Implications of mountain shading on calculating energy for snowmelt using unstructured triangular meshes

Abstract

In many parts of the world, the snowmelt energy balance is dominated by net solar shortwave radiation. This is the case in the Canadian Rocky Mountains, where clear skies dominate the winter and spring. In mountainous regions, solar irradiance at the snow surface is not only affected by solar angles, atmospheric transmittance, and the slope and aspect of immediate topography, but also by shadows from surrounding terrain. Many hydrological models do not consider such horizon-shadows. The accumulation of errors in estimating solar irradiance by neglecting horizon-shadows can lead to significant errors in calculating the timing and rate of snowmelt due to the seasonal storage of internal energy in the snowpack.

A common approach to representing the landscape is through structured meshes. However, such representations introduce errors due to the rigid nature of the mesh, creating artefacts and other constraints.
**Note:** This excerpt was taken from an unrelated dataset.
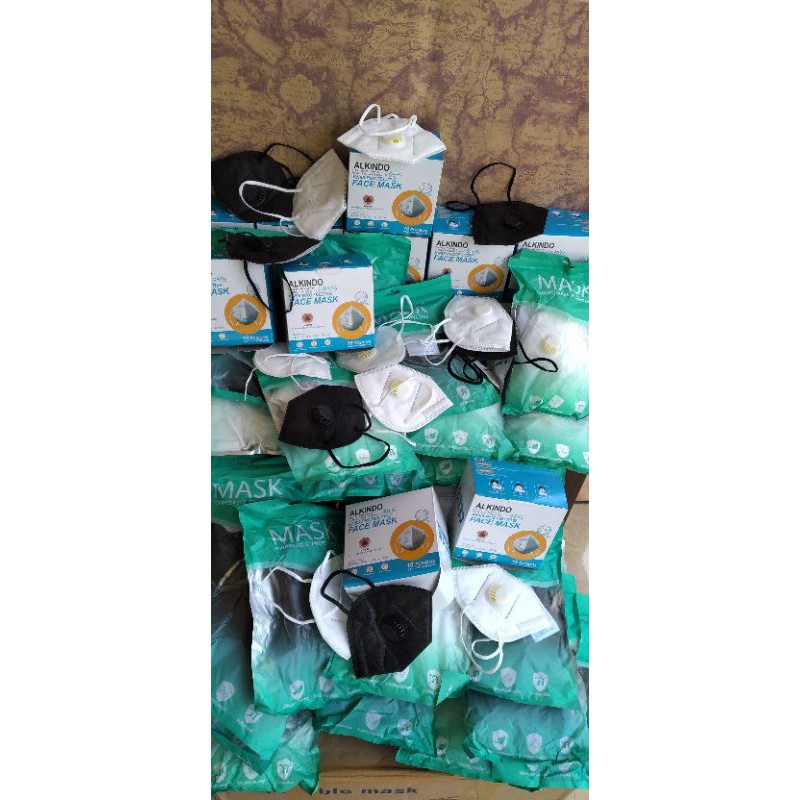Masker 5 ply KN95 Respirator Hitam & Putih.

Unstructured triangular meshes are more efficient in their representation of the terrain by allowing for a variable resolution. These meshes do not suffer from the artefact problems of a structured mesh.
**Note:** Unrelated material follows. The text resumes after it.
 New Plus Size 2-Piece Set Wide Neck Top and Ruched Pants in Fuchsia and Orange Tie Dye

This thesis demonstrates the increased accuracy of using a horizon-shading model with an unstructured mesh versus standard self-shading algorithms in Marmot Creek Research Basin (MCRB), Alberta, Canada. A systematic basin-wide over-prediction (basin mean expressed as phase change mass: 14 mm, maximum: 200 mm) in net shortwave is observed when only self-shadows are considered. The horizon-shadow model was run at a point scale at three sites throughout MCRB to investigate the effects of scale on the model results. It was found that small triangles were best suited for this topographic region and that shadow patterns were captured accurately. Large triangles were found to be too easily shaded by the model, created many disjointed regions. As well, model results were compared to measurements of mountain shadows by timelapse digital cameras. These images were orthorectified and the shadow regions extracted allowing for a quantitative comparison. It was found that the horizon-model produced results within 10 m of the measured shadows, and properly captured shadow transits.

A point-scale energy balance model SNOBAL was run via The Cold Regions Hydrological Model, an HRU based hydrologic model. It was found that in the highly shaded valleys, snowpack ablation could be incorrect by approximately 4 days. Although MCRB was generally not significantly impacted by the over-estimation in irradiance in this study, insight into the horizon-shadowing process was possible as a result of the existing network of radiometers and other meteorological stations at MCRB. Because down-stream processes such as flooding depend on correct headwater snowmelt predictions, quantitative results demonstrating inaccuracies in a modelled component of the surface energy balance can help improve snowmelt modelling.